Tidyverse

Throughout this workshop you will come into contact with some functions from the very popular package collection tidyverse. The tidyverse is composed of multiple packages, all following a common philosophy, and facilitating many aspects of coding in R, for example data wrangling and plotting. It is not really necessary to learn the tidyverse syntax in order to understand R and become proficient in it. However, I find it easier to understand in many cases, which probably makes it easier to get started with. Therefore, I will provide the syntax from the respective tidyverse package along with the Base R syntax in many cases. In the end, it is a question of preference what you want to learn. Most code will probably be composed from base R functions and tidyverse functions.

# Tidyverse syntax will be marked like this.

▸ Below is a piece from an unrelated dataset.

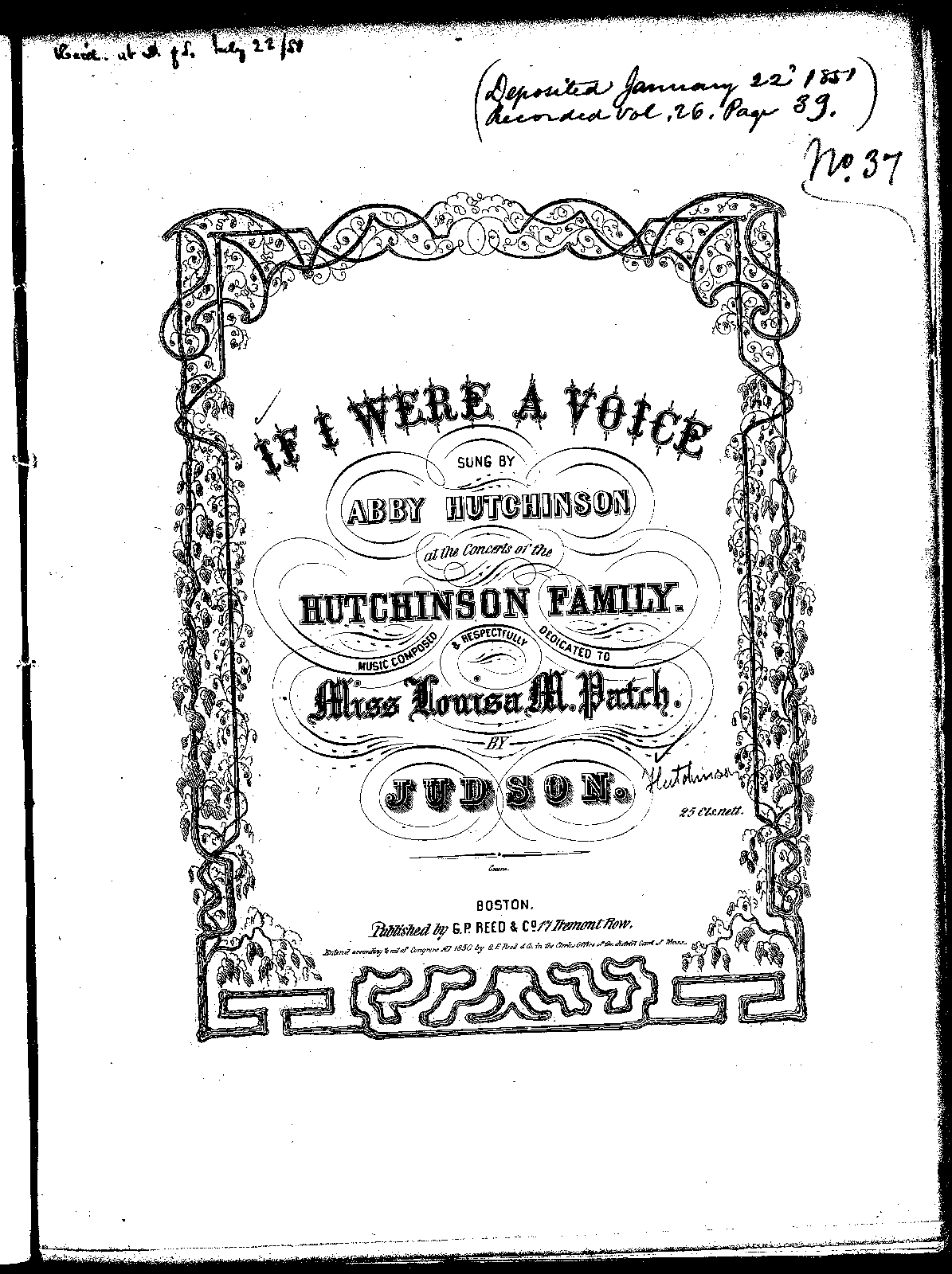 "Sung by Abby Hutchinson, at the Concerts of the Hutchinson Family".

We will mainly use the tidyverse packages dpylr and ggplot2.

The Pipe Operator

tidyverse code is often written using the pipe operator %>% (read as ‘then do’), which makes it easy to connect multiple function calls:

In base R, one could write:

sum(seq(from = 1, to = mean(c(45:100), na.rm = TRUE), by = 0.1))
[1] 26313

Which, in the tidyverse, would be written like so:

library(tidyverse)

c(45:100) %>%
  mean(na.rm = TRUE) %>%
  seq(from = 1, to = ., by = 0.1) %>%
  sum
[1] 26313

Much nicer to read, right?

Some notes on this syntax:

  1. If we don’t have any additional arguments we want to put into the function, we can just write the function name without any brackets, like we do at the end with sum.
  2. The pipe operator will give the result of the last function as input into the next function. That’s why we don’t have to specify the vector within the mean() function.
  3. If we want to clearly state which of the function arguments should receive the input, we can write a ., which can be read as output of the previous function call. That’s what we do in the seq() function. It calculates a sequence from 1 to the mean of c(45:100).